Copy out exactly, and only, the lines from the one containing "Deși a fost" through the end of the entries. No pictures.

:: GIVEN INFORMATION ::

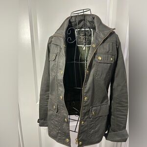 J. Crew Women's Resin Coated Dark Olive Twill Jacket
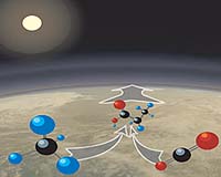 Moffett Field CA (SPX) Feb 20, 2007 Saturn's giant moon Titan is enveloped by a thick layer of organic haze. Although Titan's haze layer is unique in the present-day solar system, a recent experiment by researchers at the University of Colorado at Boulder suggests that, billions of years ago, Earth was also covered by organic haze. The finding not only sheds light on our planet's early atmosphere, but could also help explain how life spread around the globe. Titan's haze is the result of methane in the moon's atmosphere. Hundreds of miles above its surface, ultraviolet sunlight bombards methane gas molecules with high-energy photons, breaking them apart. This destructive process, known as photolysis, leaves behind free hydrogen and small hydrocarbon fragments (CH2). The fragments are like building blocks: they can combine with each other to form larger, chain-like molecules, such as ethane, propane and acetylene. Methane in Titan's atmosphere is a transparent gas, but the larger molecules condense into aerosol particles, which form the haze. Computer modeling studies by Alex Pavlov, currently a professor of planetary science at the University of Arizona at Tucson, predicted that if early Earth also produced methane, then perhaps it too was covered in haze. But early Earth's atmosphere also had a component that Titan's atmosphere lacks: carbon dioxide (CO2). Margaret Tolbert, a professor of chemistry at the University of Colorado in Boulder, and her graduate student Melissa Trainer set up a lab experiment to test Pavlov's model, to see if they could produce haze in an "atmosphere" simulating early Earth's. Initially, they were skeptical. We thought "you would get these oxygen atoms coming off of the CO2," which would react with the CH2 fragments from the methane and prevent longer hydrocarbon chains from forming, says Trainer. "And so you wouldn't get big enough molecules to condense into particles." No particles, no haze. But "that's not what we found," says Tolbert. "Quite the contrary." Their initial experiment replicated what takes place in Titan's atmosphere. They put methane gas in a sealed container (along with nitrogen, a major component of Titan's atmosphere, as it was of early Earth's), and irradiated the contents with very-short-wavelength, high-energy UV radiation. The researchers chose a radiation source that included a wavelength of 121 nm, which is powerful enough to crack apart methane molecules. "The sun's spectrum has a peak emission right at that wavelength," Tolbert explains. Under these conditions, a haze did form, just as it does on Titan. They used a novel instrument known as an aerosol mass spectrometer (AMS) to catalogue the microscopic haze particles. Using the AMS allowed them to obtain results for particles "on the fly." Past experiments had to be run for hours, days, or even weeks, long enough for the particles to form a coating on the inside of the container, which was then scraped off and analyzed. But the AMS let Trainer and Tolbert assess the aerosol particles while they were still airborne in the container. "If we turn on our UV lamp, and there are gases flowing, within minutes we can get an aerosol mass spectrum telling us what the particles are made of," Tolbert says. Then they ran the experiment again, adding increasing ratio of CO2 to the methane, to simulate early Earth. And they still got haze. In fact, says Tolbert, "when you have CO2 and methane in roughly equal amounts, you actually get even more haze than if you just had methane alone." As they increased the amount of CO2 further, the haze formation tapered off, "but we always saw some level of haze produced," Tolbert says. They're still trying to understand what happened. "We can't fully explain it," Tolbert admits. But they have a hypothesis. When only methane is present, some of the hydrogen atoms that get split off from methane recombine with the CH2 fragments to reform methane. That limits the number of CH2 fragments available to bind together into longer-chain molecules. But when carbon dioxide is also present, it is split into carbon monoxide and oxygen atoms. The researchers suspect that this oxygen combines with hydrogen from the methane to make water. That leaves less hydrogen available to re-attach to the CH2 molecules, so more of the CH2 molecules bond to each other. The result: more long-chain molecules, and more haze. If they're right, their findings could have important implications for the spread of life on Earth. When life first emerged, it most likely was restricted to isolated enclaves, because it was dependent on nutrients that were highly localized. But some of these early organisms were methanogens, which were belching out methane that eventually drifted up to the upper atmosphere. There this methane, along with CO2, was bombarded by high-energy UV radiation from the sun. Long hydrocarbon chains started to form, and the longer the chains got, the more readily they condensed into aerosol particles. Eventually, the Earth was covered by a haze of these particles, which rained down onto the surface. In this process, CO2 was important for a second reason. Although much of the oxygen liberated from the carbon dioxide combined with hydrogen to form water - that's the process that let the haze form - some of it attached to the growing hydrocarbon chains. Oxygenated hydrocarbon chains are an energy-rich food source, and when these molecules began to rain down onto Earth, that food source became available planet-wide. "Life could be sustained in every little puddle on Earth," says Tolbert. If they're right. Being right, however, requires that the atmosphere of early Earth was not brimming with oxygen, as it is today. Most researchers believe that the rise of oxygen in Earth's atmosphere didn't come until some 2 billion years after the origin of life. But if early Earth had an oxygen-rich atmosphere, haze formation could not have taken place. On the other hand, it's possible that some
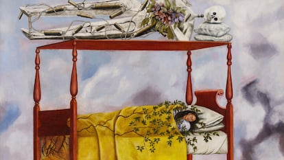 El sueño (la cama) se considera una de las representaciones más claras de la estética surrealista en la obra de Kahlo, aunque la misma artista explicó en su momento que no se identificaba con el movimiento: “No pinto sueños ni pesadillas, pinto mi propia realidad”. El cuadro fue realizado en 1940, en uno de los momentos más complejos para Kahlo, cuando atravesaba su divorcio (y los constantes intentos de reconciliación) con Diego Rivera, además de enfrentar problemas médicos y una profunda depresión. El autorretrato muestra a la artista recostada en su cama —el lugar que se volvió a la vez un lugar de descanso y una prisión— cubierta por un edredón amarillo y enredaderas. En la parte superior aparece un esqueleto en la misma posición, pero rodeado de dinamita y sosteniendo un ramo de flores. “La estructura de la cama se convierte tanto en un soporte físico como en un andamiaje metafísico, un escenario en el que la muerte flota —literalmente— sobre la vida. El sueño (La cama) ofrece, sin duda, una meditación espectral sobre la frontera entre el sueño y la muerte”, detalló Sotheby’s.
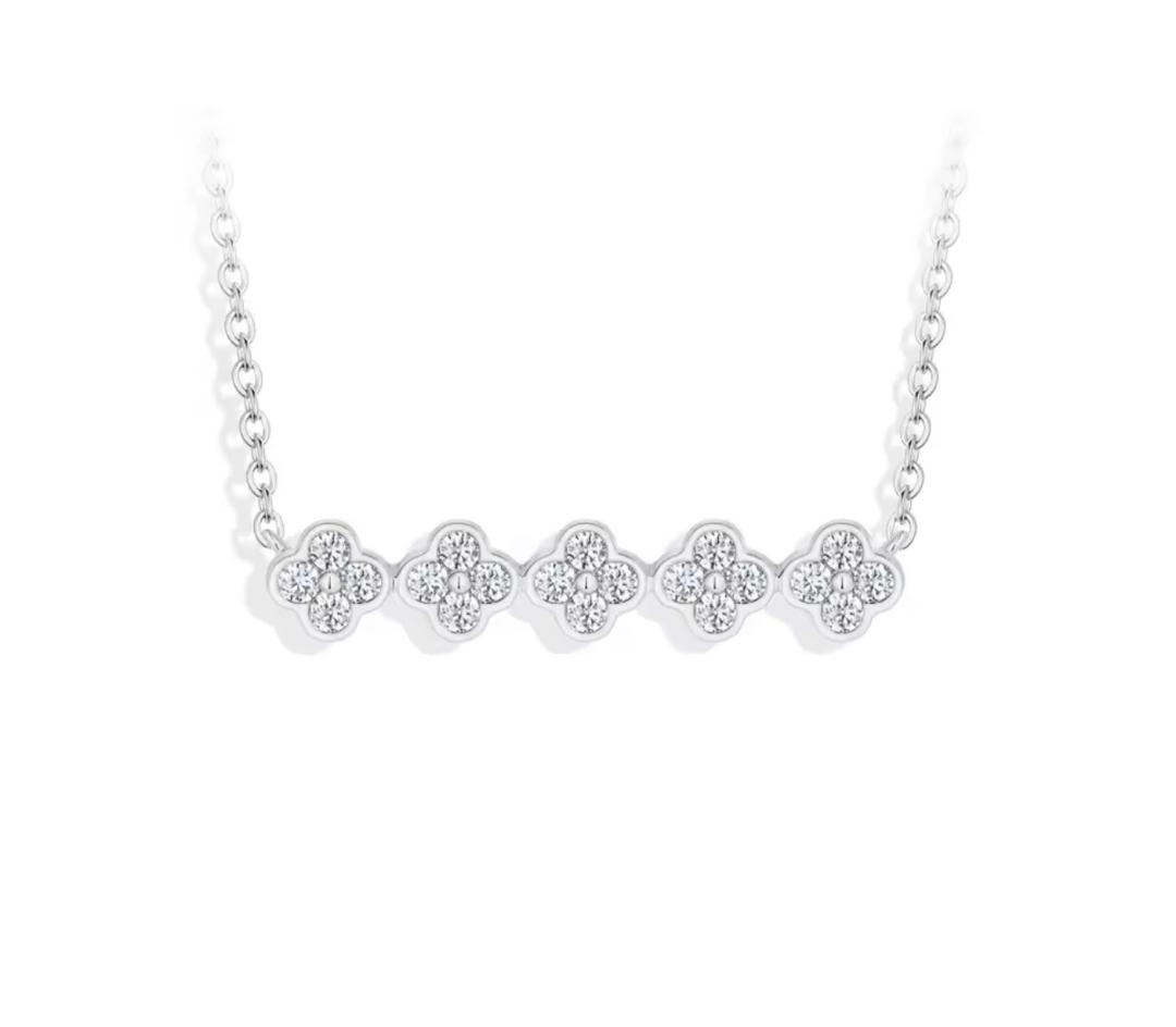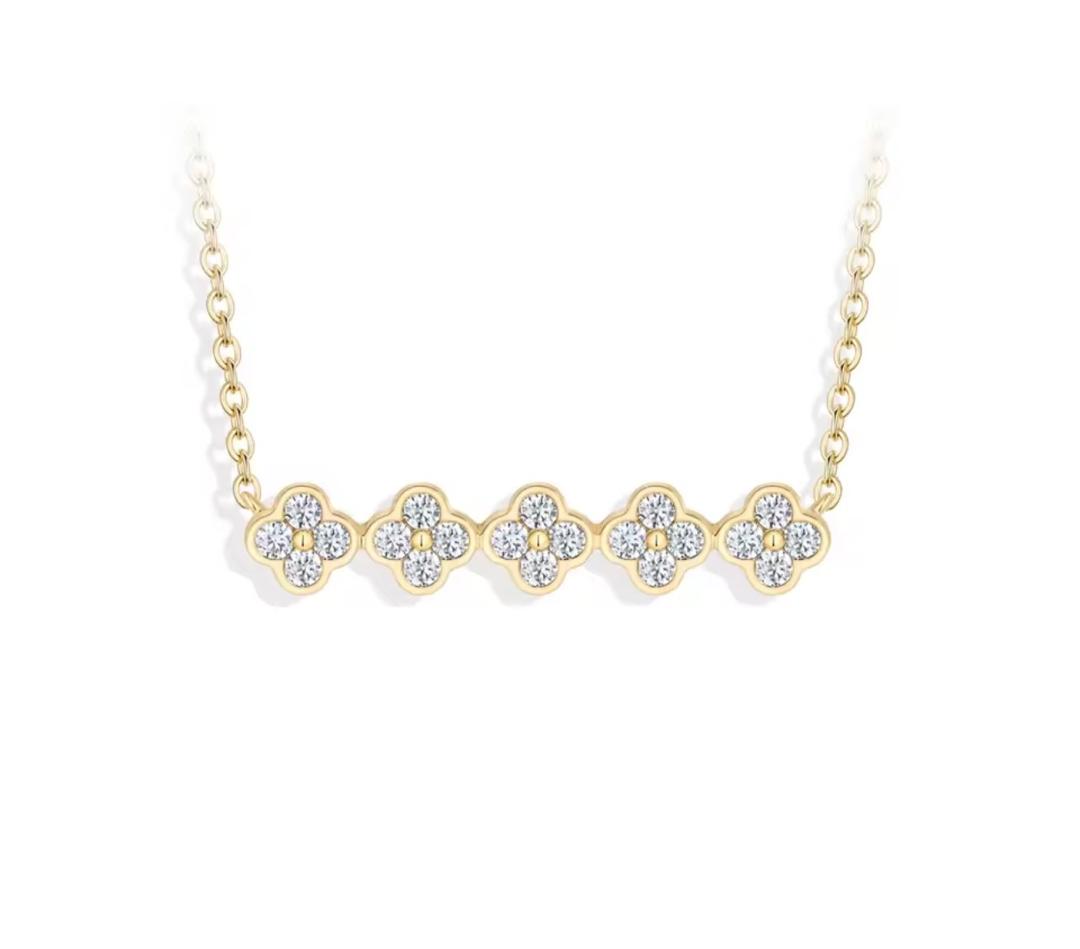 The Tumbira-Kula necklace is a masterpiece of connection. Its name, signifying United Ornaments in Kilba, reflects the five interlocking motifs that work in perfect harmony. Unlike a single pendant, this bar-style arrangement offers a wider field of brilliance, catching the light from multiple angles simultaneously. The fine cable chain is integrated directly into the design, allowing the floral bar to sit flush against the skin for a comfortable, streamlined look. This necklace is a symbol of strength in numbers a radiant reminder of the community and love that surround us.
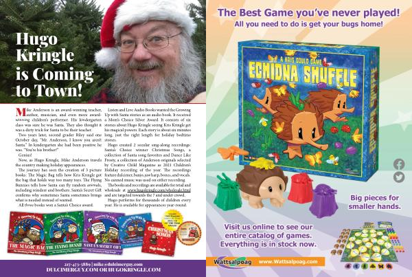 Hugo created 2 secular sing-along recordings : Santa ’ s Choice winner Christmas Songs , a collection of Santa song favorites and Dance Like Frosty , a collection of Anderson originals selected by Creative Child Magazine as 2021 Children ’ s Holiday recording of the year . The recordings feature dulcimer , banjo , jaw harp , bones , and vocals . No canned music was used on either recording .
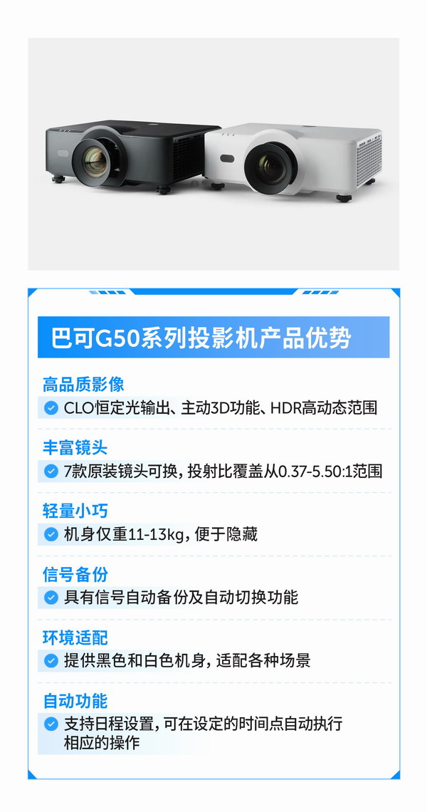 分辨率投影畫(huà)面在明亮的室內(nèi)環(huán)境中依然保持細(xì)膩清晰,色彩鮮艷。巴可G50系列投影機(jī)憑借靈活易用、緊湊輕巧的設(shè)計(jì),以及領(lǐng)先的
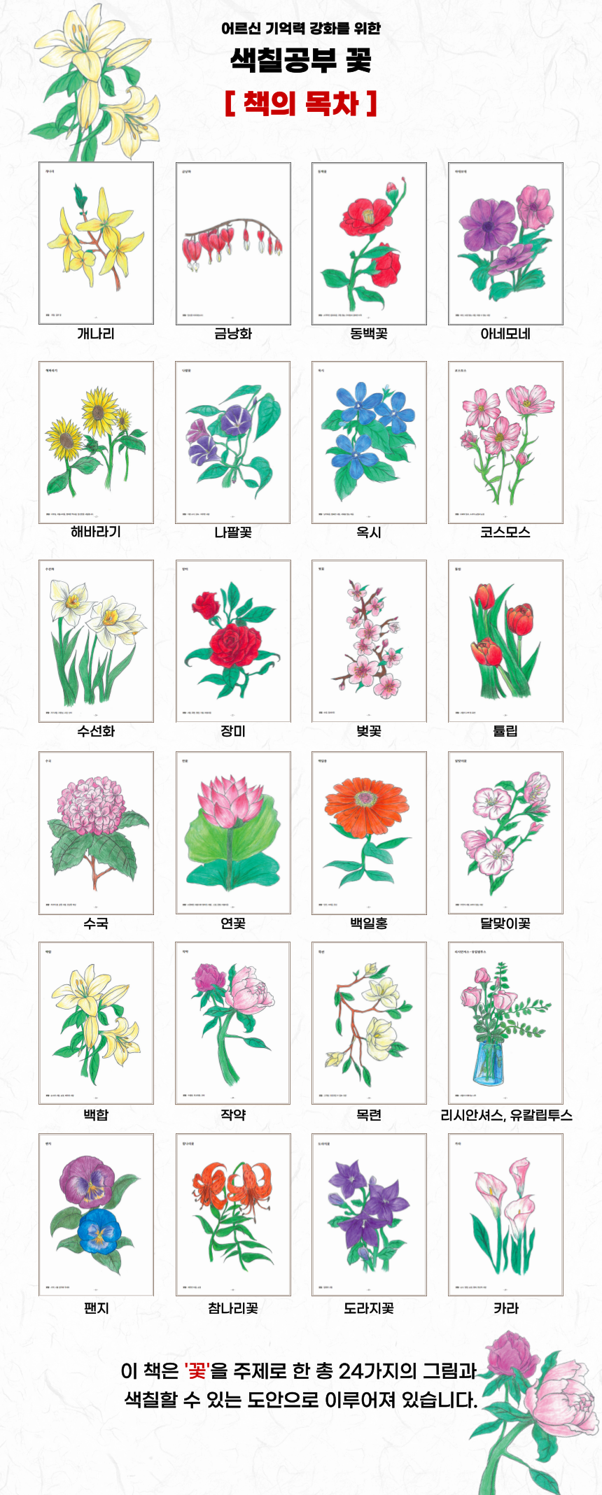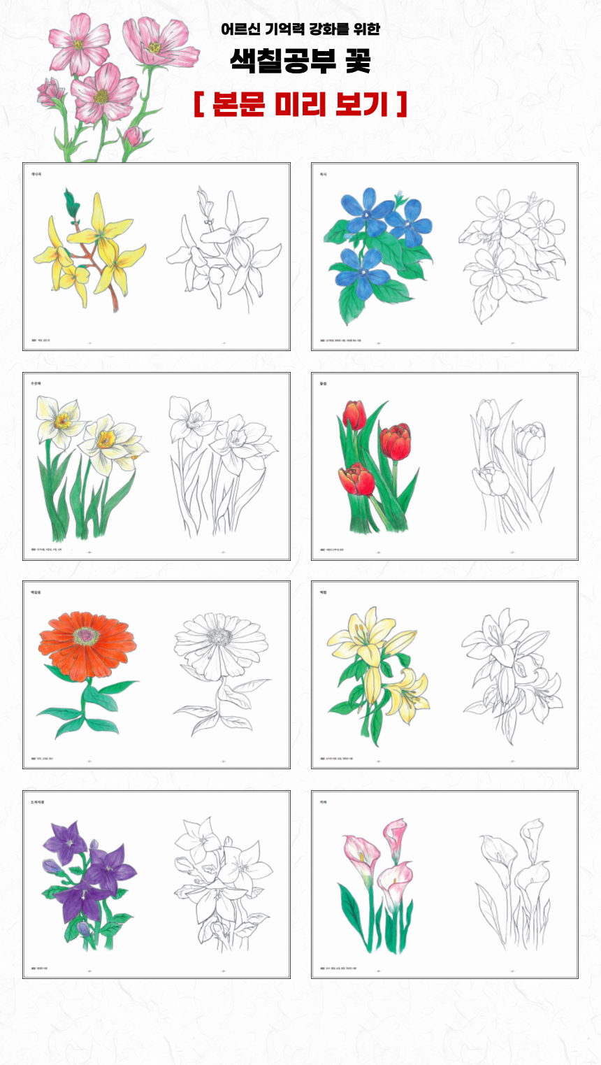 시니어 인지훈련 색칠공부 2 - 꽃 / 뇌훈련 기억력 노인그림그리기
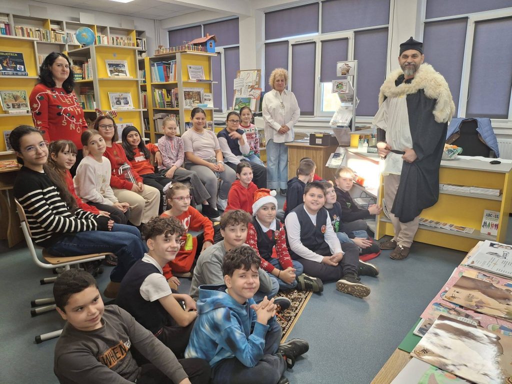 Deși a fost ultima zi de școală, copiii doamnei învățătoare Helga Maghiari, împreună cu doamna bibliotecară Aurelia Holczli, m-au așteptat în clasă cuminți, atenți și dornici să mai asculte o poveste despre trecut.
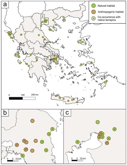 - Christopoulos, A.; Zevgolis, Y.G. A new invasion of the common slider on a Mediterranean island (Lesvos, Greece): A potential threat to native terrapin populations? Diversity 2022, 14, 1018. [Google Scholar] [CrossRef]

:::

# [WRITTEN RESPONSE]
 Deși a fost ultima zi de școală, copiii doamnei învățătoare Helga Maghiari, împreună cu doamna bibliotecară Aurelia Holczli, m-au așteptat în clasă cuminți, atenți și dornici să mai asculte o poveste despre trecut.
 - Christopoulos, A.; Zevgolis, Y.G. A new invasion of the common slider on a Mediterranean island (Lesvos, Greece): A potential threat to native terrapin populations? Diversity 2022, 14, 1018. [Google Scholar] [CrossRef]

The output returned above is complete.